Managing director, Alan Clarke, said: “Abano’s Audiology businesses in Asia and Australia, owned through Abano’s 50 percent shareholding in Bay International Limited alongside founder Peter Hutson, are still in an early development stage of expansion. At year end, there were 59 permanent stores and visiting clinics throughout Australia and 11 stores across Malaysia, Hong Kong and Singapore. We are looking to continue to grow these existing and new markets largely through greenfield rollouts. Because of this, and the infancy of the businesses, profit contributions will only be apparent in three to five years time.
“Abano’s Dental sector continued to expand during 2010 to 50 practices in New Zealand and 26 in Australia at year end, and is producing fast growing and profitable returns. The Dental sector will, therefore, play an increasingly important role in the Abano Group’s portfolio in the near to medium term. Since year end, we have acquired a further three practices in Australia.

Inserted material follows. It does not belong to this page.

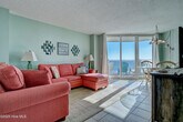 Welcome to St. Regis 3201. This cute condo with beautiful views of the beach, ocean, and beyond. It is a perfect spot for getting away from the cold winter and soaking up some sun. The St. Regis resort has everything you could need! The St. Regis is oceanfront, with a large outdoor pool, an arcade, and a workout room. There is a massage suite, sauna, playground, and outdoor sports area including bocce ball, pickleball, putt putt, and life-size checkers! The entire top floor of Building 2 is Ocean’s Edge, an amazing restaurant with panoramic views. Once you settle in you'll never want to leave. St. Regis 3201 is a 1-bedroom, 2-bathroom condo. The master bedroom has a queen-sized bed, TV, and ensuite bathroom with a step-in shower. There is a stacked washer and dryer, and a full bathroom with a bathtub and shower. The kitchen is perfect for fixing a quick meal or snack on the go. You’ll love the sunny living room with a sofa and loveseat, perfect for catching a cat nap. The cabinet that the TV sits on is a queen-sized Murphy bed. Sitting on the balcony just off the living room you’ll find the perfect place to read, doze, meditate, or do your "work at home" hours. If you are looking for a monthly stay at the beach, (or work from home for the winter) you can't beat these rates for a fully furnished/utilities-included condo near the beach, with all these amenities right on your doorstep. **Please contact Ann at Sea Coast Rentals for further information and/or to check available dates. Check out all our rentals: both furnished off-season and unfurnished long-term. **

“We invested significantly in equipment and new facilities for our Radiology businesses in the 2009 year and in 2010 we focused on realising the benefits from this expanded investment and the increased opportunities we see ahead such as the emerging PET/CT technology.
“Our Pathology business income remains steady, but while Aotea Pathology has been providing community pathology services to the Capital and Coast and Hutt Valley regions for nearly 80 years, we are very aware that our current contract ends in fifteen months time in November 2011. We are working closely with the local DHBs and referring clinicians in regards to re-securing the community pathology contract.
“Prior to the recent ACC changes, Abano Rehabilitation developed a new 23-bed residential facility in Hamilton and opened another facility in Henderson, Auckland. We believe this service has a vital and important role to play and we remain optimistic that ACC’s support for people with acquired brain injuries will continue. We are also hopeful that ACC contracts will be adjusted over time to provide more sustainable and commercial margins for providers in this service area.
“The Orthotics business continues to provide steady and improving returns, and while there has been some impact from the ACC changes, it has not been as significant as in our other rehabilitation business. We expanded our Orthotics business footprint during the year with the acquisition of Orthotics South Island, which has provided an increase in the scope and reach of the services offered.”
Alan Clarke concluded: “The impact and risk of Government/ACC contract funding has been clearly demonstrated in the 2010 year. This reinforces our strategy to de-risk our business over the last seven years, with New Zealand public funded revenue decreasing from 75 percent in 2003 to under 35 percent in 2010.
“The new financial year will be one of new growth opportunities for Abano as we move ahead with our new organisational structure. We will continue with our proven Co-invest and Build investment model with the clinical founders and leaders of our businesses. The opportunities for profitable investment and growth have increased and our established presence and success to date has seen increasing interest from healthcare professionals and clinical owners in New Zealand and now in Australia and Asia.”